Diagnostic tests of Meningitis

► Lumber puncture is the diagnostic test. Elevated spinal fluid pressure, turbid CSF, culture of CSF is recommended.

► White blood count (usually WBC count is elevated).

► Blood glucose is reduced.

► Blood culture.


Therapeutic management of Meningitis

The initial therapeutic management includes:

► Isolation precautions.

► Initiation of antimicrobial therapy, usually through IV infusion and in large doses.

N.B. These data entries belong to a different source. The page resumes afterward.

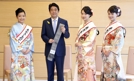 Japoński premier Shinzo Abe spotkał się w swojej rezydencji ze zwyciężczyniami konkursu na królową kimona, wśród których znalazły się Kaori Taga, Yuri Murakami i Kanna Iwasa. Kobiety z wdziękiem prezentowały ten tradycyjny strój. Fot. EPA/Eugene Hoshiko
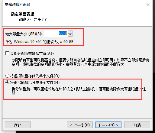- 磁盘大小根据自己大概需要封装多少常用软件进去去设置,十分不建议设置过大然后封装过多的软件进系统,不仅导致封装出的ISO镜像过大,还会让系统的安装变得很慢,出现错误的几率也会增大,然后保持下面默认的的”将虚拟磁盘存储为多个文件”,继续”下一步”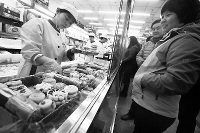 今天一大早,记者在位于东直门附近的一家北京稻香村门店看到,刚一开门顾客就迅速围到窗口前,不到10分钟店已经排起了一条长队。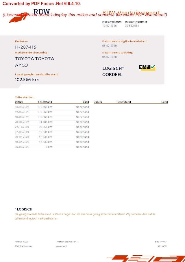 | Kilometerstand | 102.566 km |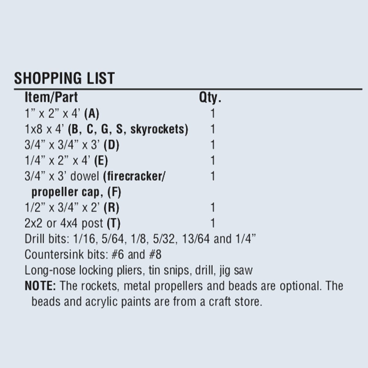 It can be built with common hand tools, a jigsaw and drill. Parts for creating the movement mechanism can be purchased at any well-stocked hardware store. Follow our patterns (just trace or iron them on), or make your own. Tinkering is part of the tradition and pleasure of crafting whirligigs.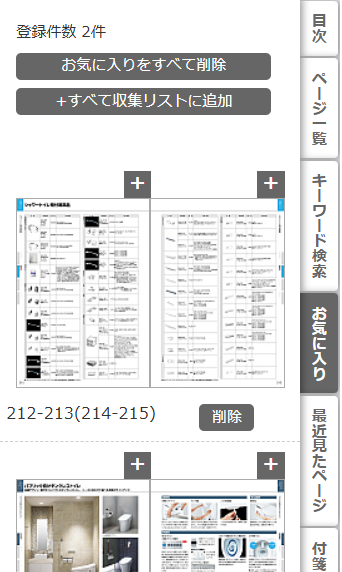 気になったページを左下図「お気に入りに追加」ボタンから簡単に保存ができます。同一のパソコンからいつでも閲覧が可能です。カタログ毎での記憶となり、他のカタログと同時にお気に入り登録することはできません。なお、同一のパソコンに保存されますので、他パソコンから閲覧する際はお気に入りページとして登録されていません。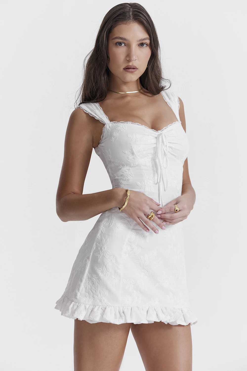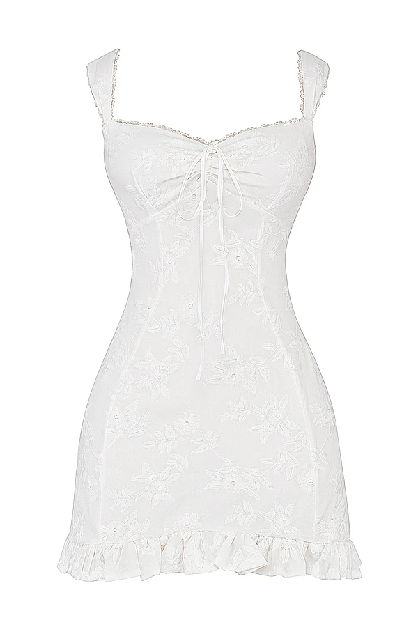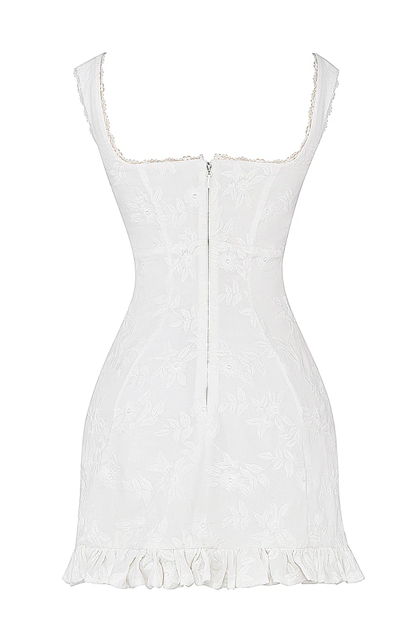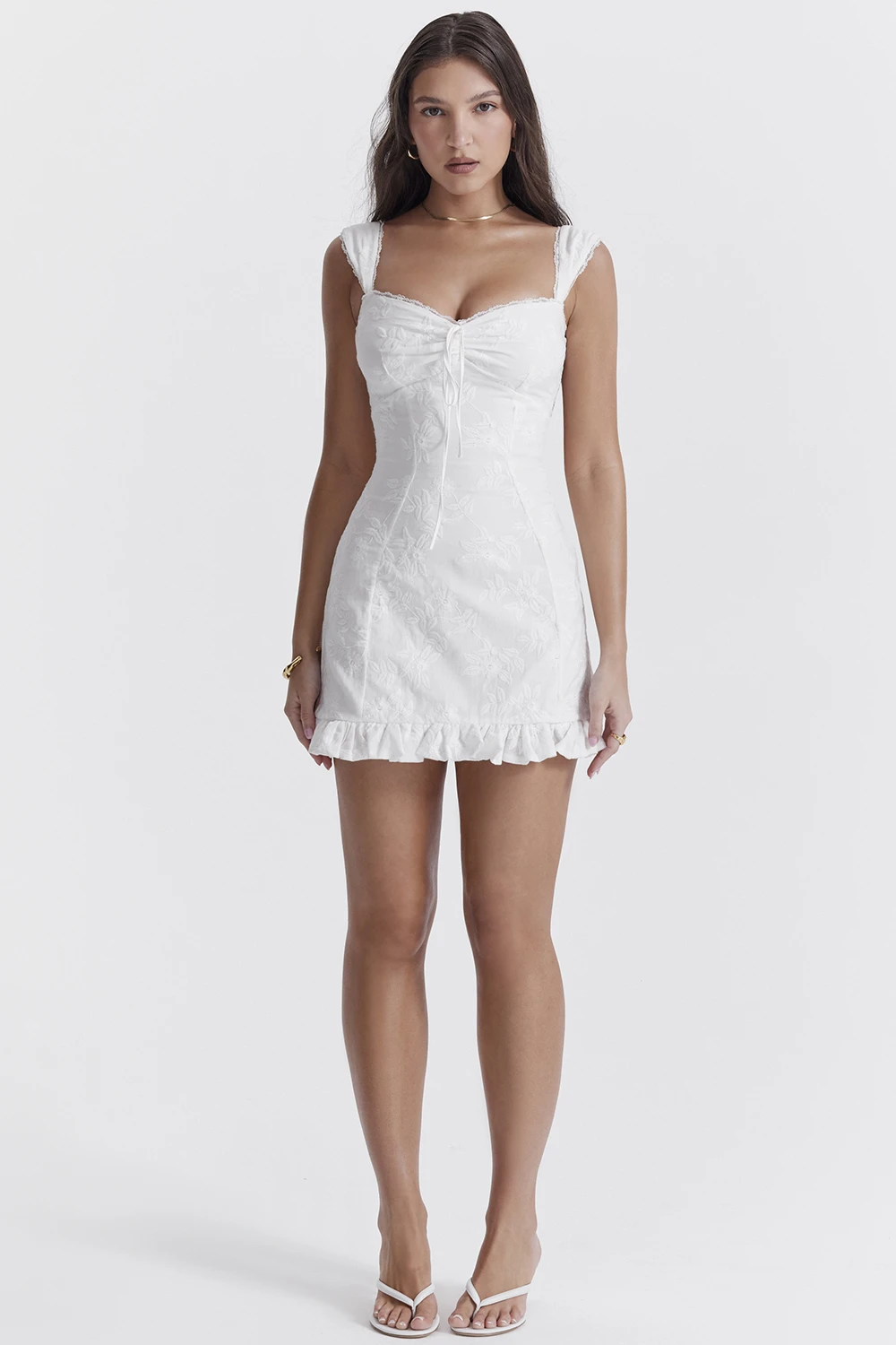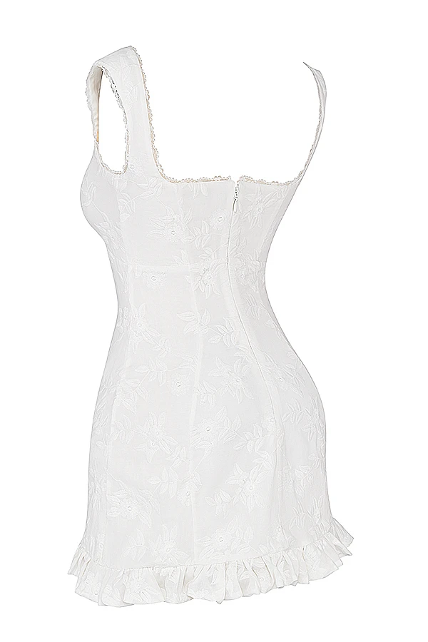 The thigh grazing cut features the prettiest ruffle hem in a flattering a-line shape and it zips up the back for easy on. We love this paired with dainty heels like ‚Lola‘ in white. The ‚Regular Cup‘ option suits cup size A-C whilst the ‚Bigger Cup‘ option suits cup size D-E.

► Maintenance of optimum hydration through IV infusion.

► Reduction of increased ICP.

► Control of seizures.

► Maintenance of ventilation.

► Control of hypothermia or fever.

► Correction of anemia.

► Treatment of complications.


Nursing care plan of Meningitis

Nursing diagnosis I :

– Altered tissues perfusion (cerebral) related to cerebral edema, increased ICP, seizures.

Nurse Goal (1):

– The child will have normal neurologic status.

– Intervention: the nurse must

► Establish neurologic baseline assessment and vital signs on admission.

► Monitor factors that may further increase cerebral edema and ICP (fever, seizures, hypercapnia).

To decrease or prevent increasing the ICP :

– organise nursing activities around periods of low ICP to prevent increasing ICP.

– Monitor pupil size and reactivity / hour, when necessary or as ordered as sign of increased ICP.

–  Measure head circumference daily and document it in growth chart.

– palpate the anterior fontanel and cranial suture every shift if age appropriate.

– Monitor intake and output hourly. Notify physician if output is below 1 ml/kg/hr or 2 ml/kg/hr.

– Assess the infant for irritability, lethargy and feeding intolerance.

– place emergency equipment (such as oxygen, suction, ..) near the child’s room or at bedside table.

– Check urine specific gravity / 4-6 hrs or when necessary.

– Notify physician if it is above 1.030 or less than 1.010.


Expected outcome of Meningitis

The child has :

– improved cerebral perfusion

– normal level of consciousness

– vital signs in baseline

– Glascow Coma Scale within normal limits and appropriate behaviour.


Nursing diagnosis II :

– Altered nutrition: less than body requirements related to restricted intake; nausea, and vomiting, swallowing and chewing difficulty.

Nurse Goal (1):

– The child’s weight will be stable and appropriate for age, normal serum protein, moist mucous membrane and adequate urine output.

– Nausea and vomiting controlled.

Nursing Intervention

► Weight the child daily on the same scale and record on growth chart.

► Monitor skin turgor, mucous membrane and urine output.

► Position the infant or child upright after feeding.

► Provide a flexible feeding schedule with small feedings of favourite foods.

► Minimise handling around feeding times.

► Assist the child with chewing with the child’s chin and jaw in the nurse’s hand, if swallowing is impaired & if so feed by NG Tube.

► Consult dietician.

► Assess level of consciousness before giving liquids.

Expected outcome

The child shows normal growth and development, has nausea and vomiting under control, has adequate daily caloric intake and proper hydration.